So code is executed at scale when it's more efficient in resource usage, execution time, throughput, and whatnot, then these types of optimization can make a huge difference. And I have this quote from David Fowler from a talk that is called At Scale Implementation Details Matters and he says, "Scale for an application mean the number of users that will concurrently connect to the application at any given time, the amount of input to process, or the number of times the data needs to be processed." And for me, the last sentence is the most important one. For us as engineers, it means we have to know what to ignore and knowing what to pay close attention to.

So really, usually, when I look at the code base, I assume that the people that have written the code, they were smart. They made trade-offs. They thought about different input parameters and how this code is going to be executed at scale. So we have to essentially discover the assumptions that people made about this piece of code. And hopefully, it's written down somewhere. Sometimes it's not, right? And we have to think about, "Well, what is currently instantiated in this specific piece of code per request?", as an example, "How much memory is going to be used?"

And sometimes people were also thinking like, "Well, it's only going to be used 10 times a second." And then, we forget that and then the system evolves. And suddenly, it's going to be executed a hundred times, a thousand times a second. And that doesn't mean those people were stupid, it just means that things have changed. And sometimes, we have to go back and re-evaluate our decision-making so that we can actually improve the piece that is currently executed at scale. And what I also try to do in my talks is I want to find rules that you can apply yourself so that you have some things to memorize from this talk. And I have these rules that I'm going to talk about and I'm going to go more into these rules along the way of this talk.

So the first one is avoid excessive allocations to reduce the GC overhead and GC is the garbage collection overhead. That's the first one. And the second one is avoid unnecessary copying of memory. These are the high-level categories that I'm going to talk about today. And if you're now falling asleep because you're low in sugar and you're waiting for your lunchtime, that's fine. If you keep that from this talk, then you're already good. And if you look into your code bases and try to look for these things, that's already a good key learning that you can take away.

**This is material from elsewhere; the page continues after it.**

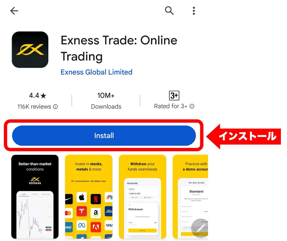 AndroidスマホでExnessアプリの初期設定をする流れを解説していきます!

So let's go into the first subcategory of this. Avoid excessive allocations to reduce the GC overhead. So the first one is think at least twice before using LINQ or unnecessary enumerations on the hot path. So don't get me wrong, LINQ is a great language feature. I also love it, but it should be applied on the specific circumstances. And on some specific circumstances when the code is executed at scale, LINQ can be actually a resource hog.

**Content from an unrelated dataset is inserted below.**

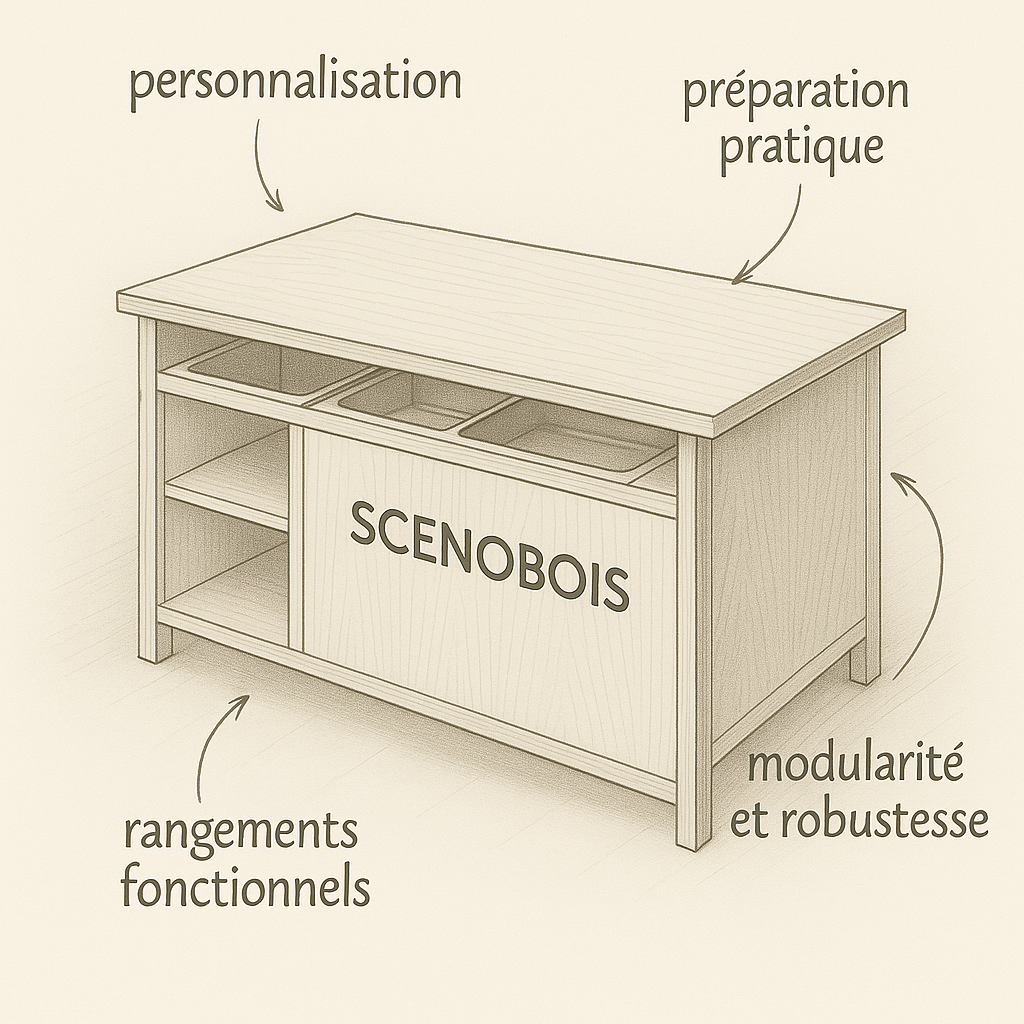 Comprendre vos contraintes, anticiper vos besoins, valoriser votre métier : c’est notre quotidien. Chez Scenobois, on ne se contente pas de fabriquer du mobilier bois. On crée, avec vous, des outils qui simplifient vos opérations et renforcent votre image.

So for example, LINQ is very difficult to be JIT optimized and I know that the .NET team is actually optimizing LINQ more and more and more. And some of the things that we talked today about LINQ might no longer be true maybe in a few months time or in a year. And some things have already been changed in .NET. Some will be further optimized in .NET 8. Still, you have to pay attention to LINQ that is executed on the hot path. And when I say JIT, I mean the just-in-time compiler.

So let's look first into a specific piece of code that I have from the Azure Service Bus SDK. We have here the MQP receiver class. And the MQP, MQP is a protocol that essentially allows, for example, Azure Service Bus or event hubs to essentially communicate over TCP/IP with the client application that is running, either in the data center, on-premises, or wherever it's running.

And essentially, in MQP, there is, and especially with Azure Service Bus, there's this concept of a lock token and the MQP receiver is the driver behind the connection to Azure Service Bus. And whenever you receive messages with Azure Service Bus, the lock tokens represent, essentially, the lock on a message. When you are done, you complete by essentially giving the service a lock token.

And the Azure SDK has these Guidelines. Whenever they are accepting, essentially, enumerable types from the outside, they have to take the broadest possible enumeration type and that's IEnumerable. Here, the lock tokens are represented as strings and they're actually Guids. So they accept this IEnumerable of string. And then, what they're doing is essentially the code looked like this, right? They did lockTokens.Select, new Guid(token), then To.Array.

And then, they did the lookup with LINQ any. Looked into a data structure, whether it has already been seen and then they went on one code path or on the other code path. And if we know what's going on, we have to closely look at the code that is actually essentially lowered under the cover. If we decompile it, what we will see is this piece of code and I know it's a little bit overwhelming. I'm going to zoom in a little bit more.

So what we see here is we have this Select statement here and we can see, here on this side, is this 9__2_0 and then ??=. So whenever we see this pattern simplified, we know we are in the safe zone. We don't really have to worry about it, because it's going to be a statically cached delegate so that's going to be fine. But if you look even closer, we can see here this new func of Guid of bool that essentially points to this CompleteInternalAsync method and that is an allocation that is not really necessary.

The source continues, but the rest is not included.